EXERCISE REQUIREMENTS: Each line of the records must appear in your answer exactly, with no pictures.

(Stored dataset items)
○ ○ ○ ○
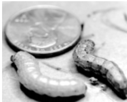
Figure 1. A pale western cutworm (left) and an army cutworm are shown with a penny.

eggs in late August and can continue through October. Up to 3,000 eggs are deposited per female on or just beneath the soil surface. Eggs hatch in the fall following rain or snow. This cutworm species overwinters in the larval stage. Larvae become active in late winter or early spring and are particularly damaging to winter wheat. Army cutworms feed above ground so evidence of feeding damage indicates their presence. However, they feed during night, from dusk to dawn, staying below ground during the day except on very overcast days when they can be found feeding above ground. This nocturnal behavior plus the small size of the early instar larvae (1.5 mm) makes them difficult to detect even though the
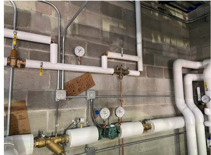
Backflow preventer at mechanical mezzanine to be relocated and bypass removed
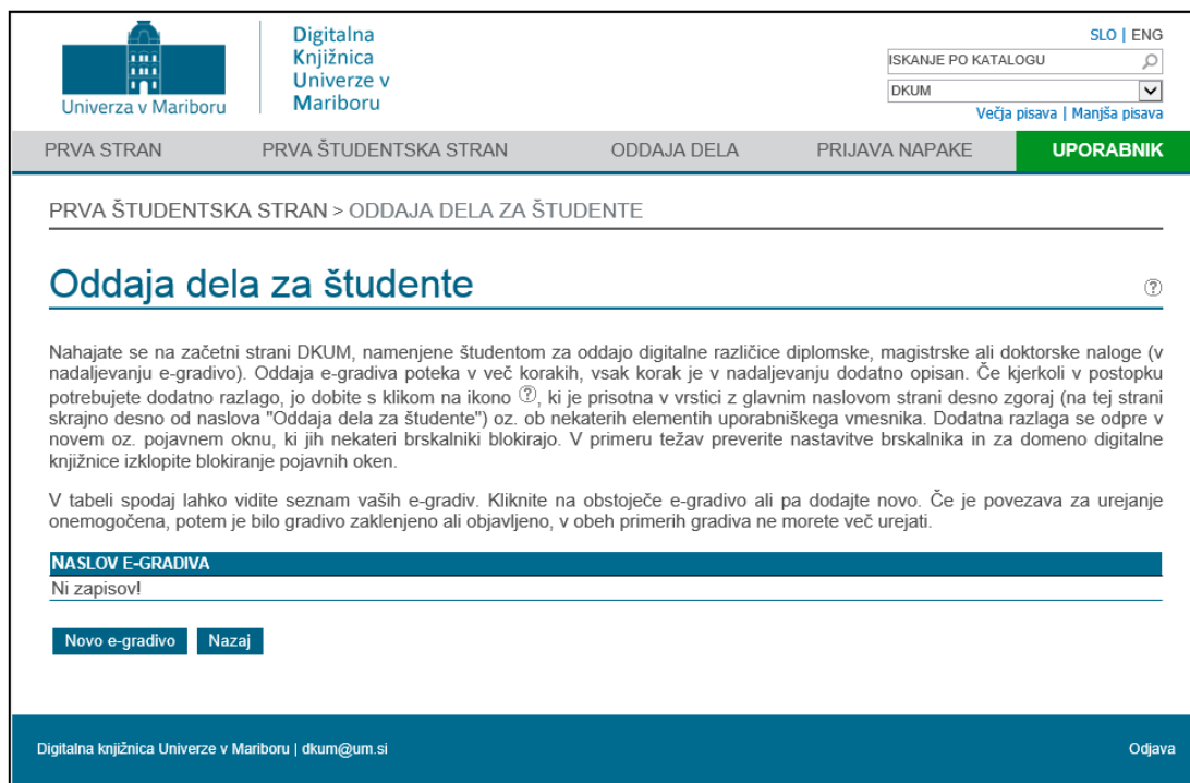
Figure 4: Introductory site for final thesis submission
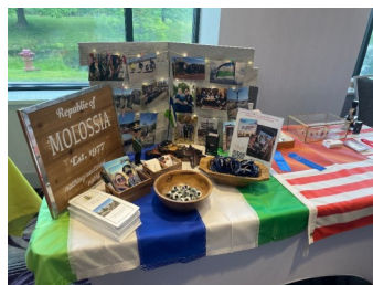
Molossia's MicroCon Display.
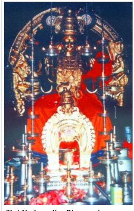
Shri Kodungallur Bhagavathy
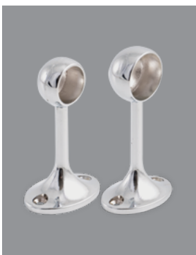
Ball End Brackets
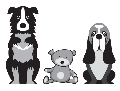
Teddy is in between two dogs.
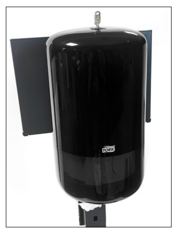
Clean bracket Tork M1, Tork M1 not included*.
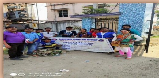
Volunteers with the Day In-charge and Programme Officer and other Faculty members: Figure-2
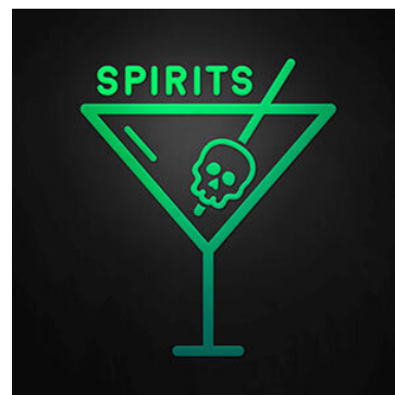
The podcast's logo, courtesy of the creators.

TAGS: Circe Cupid Eros Greek mythology Hades Heracles / Herakles Hercules Persephone Psyche Zeus
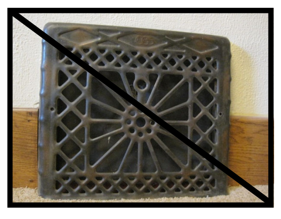
1. Hot air registers—dry, heated air blowing directly on the back of a piano is particularly bad for the soundboard.

Environment: While tuning, repairs, regulation and voicing are the job of the technician, seeing to it that your upright piano is placed in an appropriate spot within your home is up to you. What is needed, as much as possible, is a location where temperature and humidity are kept at moderate levels year-round. Drafty locations, or areas where wide swings in either temperature or humidity occur (unheated porches, moldy basements, etc.) are unsuitable for a piano. In particular avoid placing your piano in front of either of the following:
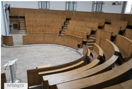
Alfort Veterinary School - Lecture theater
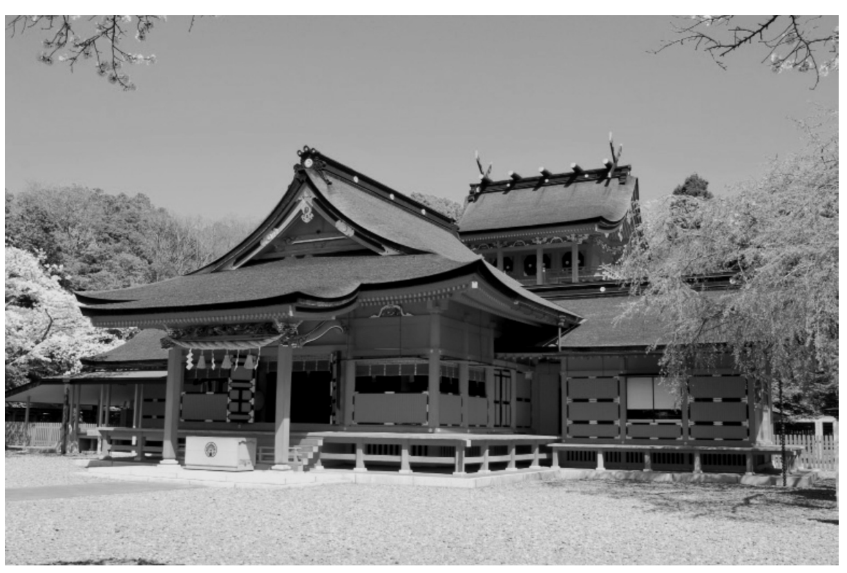
Fujisan Hongu Sengen Taisha Shrine
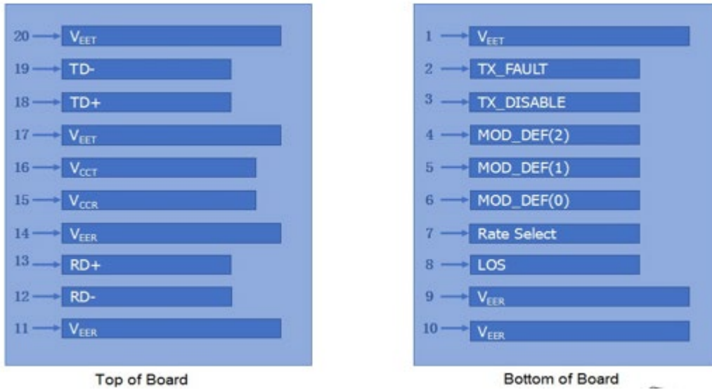
Pin-out of connector Block on Host board
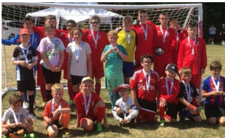
Inclusive Football Festival hosted by Royston Town FC
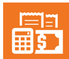
NET PRICE CALCULATOR

CashCourse is a real-life guide to taking charge of money and personal finances. CashCourse online personal finance tools help students build real-life-ready financial skills.
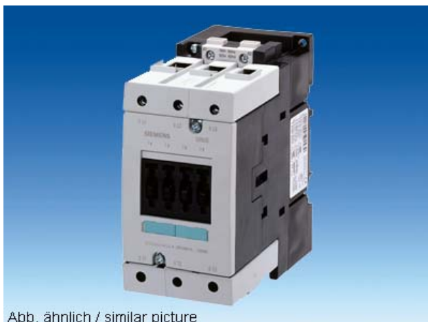
Abb. ähnlich / similar picture

CONTACTOR, AC-3 30 KW/400 V, AC 400 V, 50 HZ, 3-POLE, SIZE S3, SCREW CONNECTION
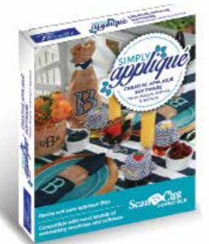
SIMPLY APPLIQUÉ SABESSA

Make superb custom appliqué from a huge selection of exceptional designs and creative options. You will love the way Simply Appliqué fully integrates with ScanNCut Home and Hobby Cutting Machines so you can easily cut out your appliqué with ultimate precision.
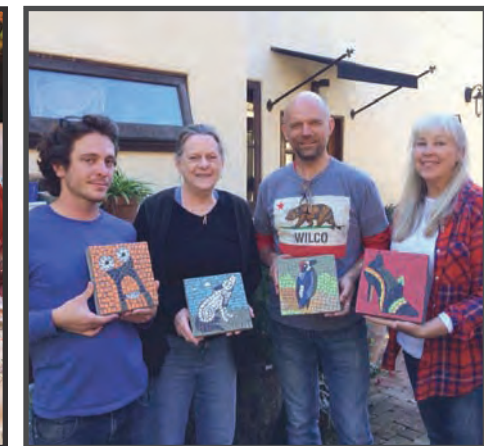
Participate in making a community mosaic to celebrate our history.

Join our free bilingual community workshops to learn how to make mosaics and help fabricate this iconic public art installation.
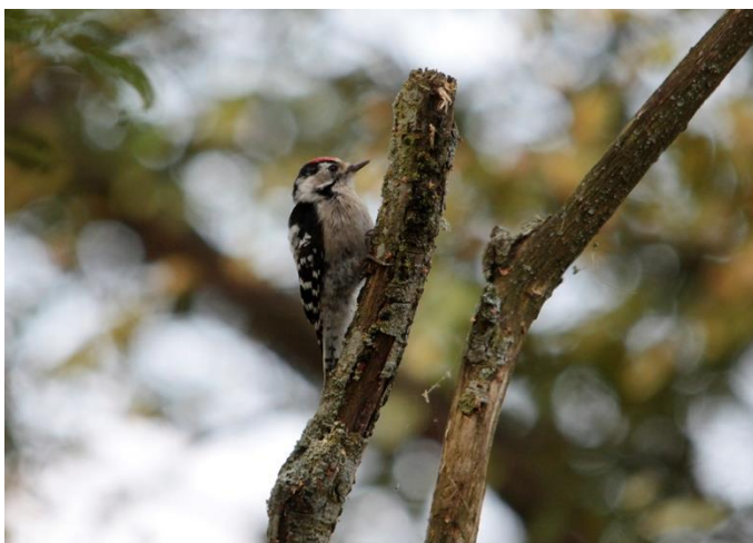
Lesser-spotted Woodpecker (Daniel Green)

On the western edge of the Black River Valley, lies the vast pineforest of Hälleskogen, the southern edge of the great Taiga Forests that extend north and east into Russia and beyond. Dotted with tranquil lakes and extensive bogs and mires, this is a fascinating area to explore and home to a much sought after variety of boreal species. Here we look for the huge Capercaillie and its smaller cousin the Black Grouse, the females in particular are often seen along the roadsides in the early morning and evening taking grit. The elusive Hazel Grouse also live in these dense forests. They are notoriously difficult to see, however, and best located by their piercing high pitched whistle! Easier to spot are the Northern Bullfinch, Willow
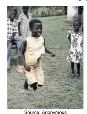
Population: 441,000 World Popl: 461,000 Total Countries: 2 People Cluster: Guinean Main Language: Esahie Main Religion: Christianity
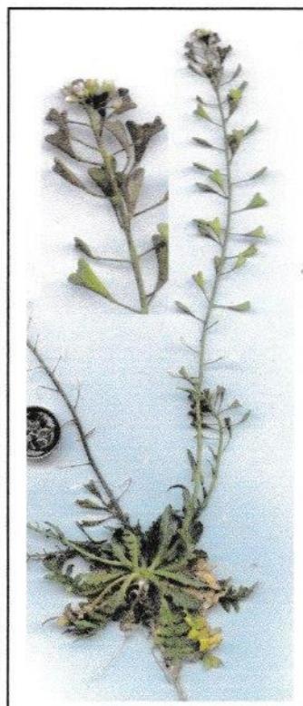
* Capsella bursa-pastoris – Shepherd's Purse Annual exotic herb to 40 cm capsa L: box or case, bursa L: purse, pastoris L: of the shepherd Native of Europe
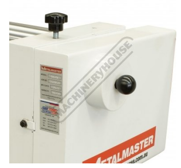
Low Speed 3.5 to 1 Gear Disengagement
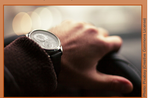
Visit <u>http://drowsydriving.org/</u> for more information about drowsy driving and visit <u>http://www.nhlbi.nih.</u> <u>gov/health/health-topics/topics/sdd/why</u> to learn more about healthy sleep.

In a 1990 study published by the NIH, researchers found that caffeine did improve alertness when compared to a placebo. However, caffeine will decrease memory performance, making a person more prone to mistakes (WebMD).
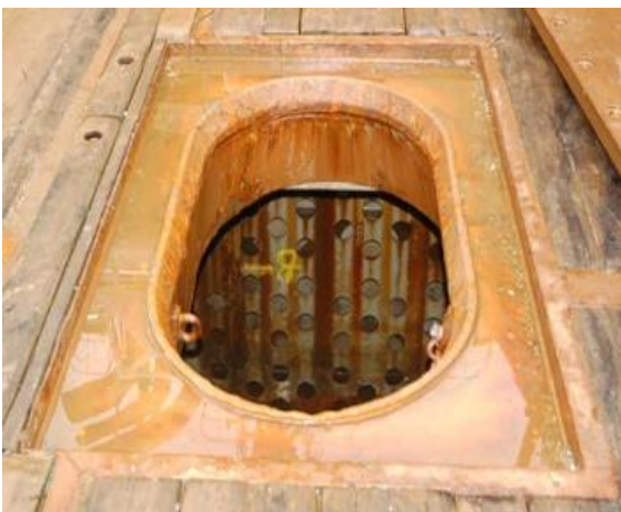
A similar hatch
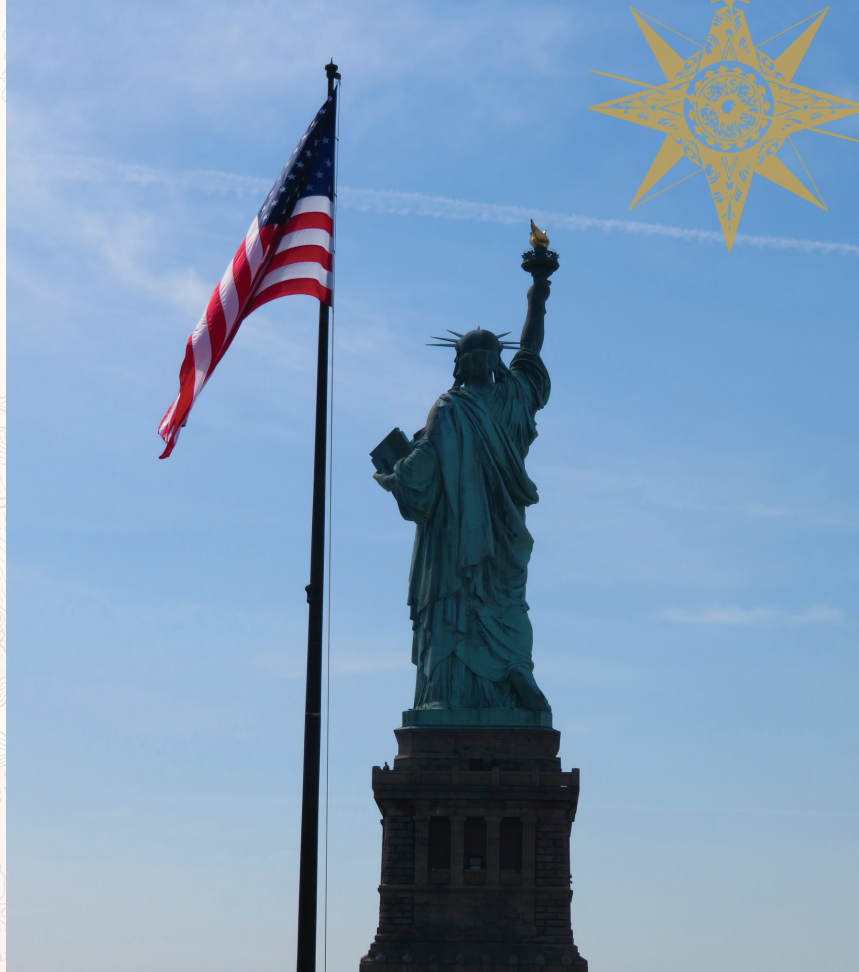
Cruise to Lady Liberty and visit the Statue of Liberty Museum
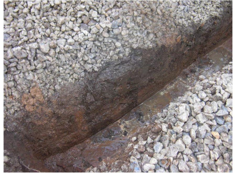
Section of Foundation Trench
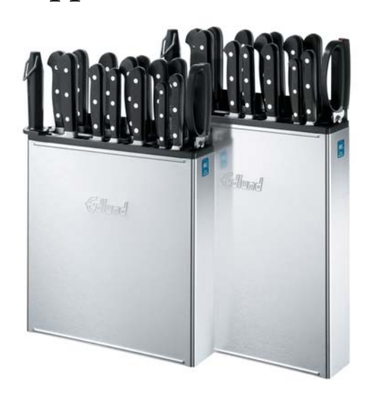
Front view of the KR-699 and KR-700 (14"/35.6 cm longer skirt) with a stainless steel skirt that protects knives and operators from accidents.
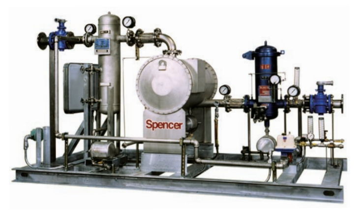
Spencer booster system installed at a California WWT plant includes a filter separator, heat exchanger and moisture separator for delivery of digester gas from maximum design volume down to "0" scfm.

Spencer digester gas booster skid package using anaerobic digester gas (ADG) at a fuel cell application in Hunts Point NYC funded by New York Power Authority.
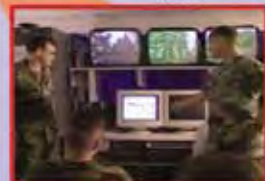
After Action Review
○ ○ ○ ○
EXPECTED ANSWER:
Figure 1. A pale western cutworm (left) and an army cutworm are shown with a penny.

eggs in late August and can continue through October. Up to 3,000 eggs are deposited per female on or just beneath the soil surface. Eggs hatch in the fall following rain or snow. This cutworm species overwinters in the larval stage. Larvae become active in late winter or early spring and are particularly damaging to winter wheat. Army cutworms feed above ground so evidence of feeding damage indicates their presence. However, they feed during night, from dusk to dawn, staying below ground during the day except on very overcast days when they can be found feeding above ground. This nocturnal behavior plus the small size of the early instar larvae (1.5 mm) makes them difficult to detect even though the
Backflow preventer at mechanical mezzanine to be relocated and bypass removed
Figure 4: Introductory site for final thesis submission
Molossia's MicroCon Display.
Shri Kodungallur Bhagavathy
Ball End Brackets
Teddy is in between two dogs.
Clean bracket Tork M1, Tork M1 not included*.
Volunteers with the Day In-charge and Programme Officer and other Faculty members: Figure-2
The podcast's logo, courtesy of the creators.

TAGS: Circe Cupid Eros Greek mythology Hades Heracles / Herakles Hercules Persephone Psyche Zeus
1. Hot air registers—dry, heated air blowing directly on the back of a piano is particularly bad for the soundboard.

Environment: While tuning, repairs, regulation and voicing are the job of the technician, seeing to it that your upright piano is placed in an appropriate spot within your home is up to you. What is needed, as much as possible, is a location where temperature and humidity are kept at moderate levels year-round. Drafty locations, or areas where wide swings in either temperature or humidity occur (unheated porches, moldy basements, etc.) are unsuitable for a piano. In particular avoid placing your piano in front of either of the following:
Alfort Veterinary School - Lecture theater
Fujisan Hongu Sengen Taisha Shrine
Pin-out of connector Block on Host board
Inclusive Football Festival hosted by Royston Town FC
NET PRICE CALCULATOR

CashCourse is a real-life guide to taking charge of money and personal finances. CashCourse online personal finance tools help students build real-life-ready financial skills.
Abb. ähnlich / similar picture

CONTACTOR, AC-3 30 KW/400 V, AC 400 V, 50 HZ, 3-POLE, SIZE S3, SCREW CONNECTION
SIMPLY APPLIQUÉ SABESSA

Make superb custom appliqué from a huge selection of exceptional designs and creative options. You will love the way Simply Appliqué fully integrates with ScanNCut Home and Hobby Cutting Machines so you can easily cut out your appliqué with ultimate precision.
Participate in making a community mosaic to celebrate our history.

Join our free bilingual community workshops to learn how to make mosaics and help fabricate this iconic public art installation.
Lesser-spotted Woodpecker (Daniel Green)

On the western edge of the Black River Valley, lies the vast pineforest of Hälleskogen, the southern edge of the great Taiga Forests that extend north and east into Russia and beyond. Dotted with tranquil lakes and extensive bogs and mires, this is a fascinating area to explore and home to a much sought after variety of boreal species. Here we look for the huge Capercaillie and its smaller cousin the Black Grouse, the females in particular are often seen along the roadsides in the early morning and evening taking grit. The elusive Hazel Grouse also live in these dense forests. They are notoriously difficult to see, however, and best located by their piercing high pitched whistle! Easier to spot are the Northern Bullfinch, Willow
Population: 441,000 World Popl: 461,000 Total Countries: 2 People Cluster: Guinean Main Language: Esahie Main Religion: Christianity
* Capsella bursa-pastoris – Shepherd's Purse Annual exotic herb to 40 cm capsa L: box or case, bursa L: purse, pastoris L: of the shepherd Native of Europe
Low Speed 3.5 to 1 Gear Disengagement
Visit <u>http://drowsydriving.org/</u> for more information about drowsy driving and visit <u>http://www.nhlbi.nih.</u> <u>gov/health/health-topics/topics/sdd/why</u> to learn more about healthy sleep.

In a 1990 study published by the NIH, researchers found that caffeine did improve alertness when compared to a placebo. However, caffeine will decrease memory performance, making a person more prone to mistakes (WebMD).
A similar hatch
Cruise to Lady Liberty and visit the Statue of Liberty Museum
Section of Foundation Trench
Front view of the KR-699 and KR-700 (14"/35.6 cm longer skirt) with a stainless steel skirt that protects knives and operators from accidents.
Spencer booster system installed at a California WWT plant includes a filter separator, heat exchanger and moisture separator for delivery of digester gas from maximum design volume down to "0" scfm.

Spencer digester gas booster skid package using anaerobic digester gas (ADG) at a fuel cell application in Hunts Point NYC funded by New York Power Authority.
After Action Review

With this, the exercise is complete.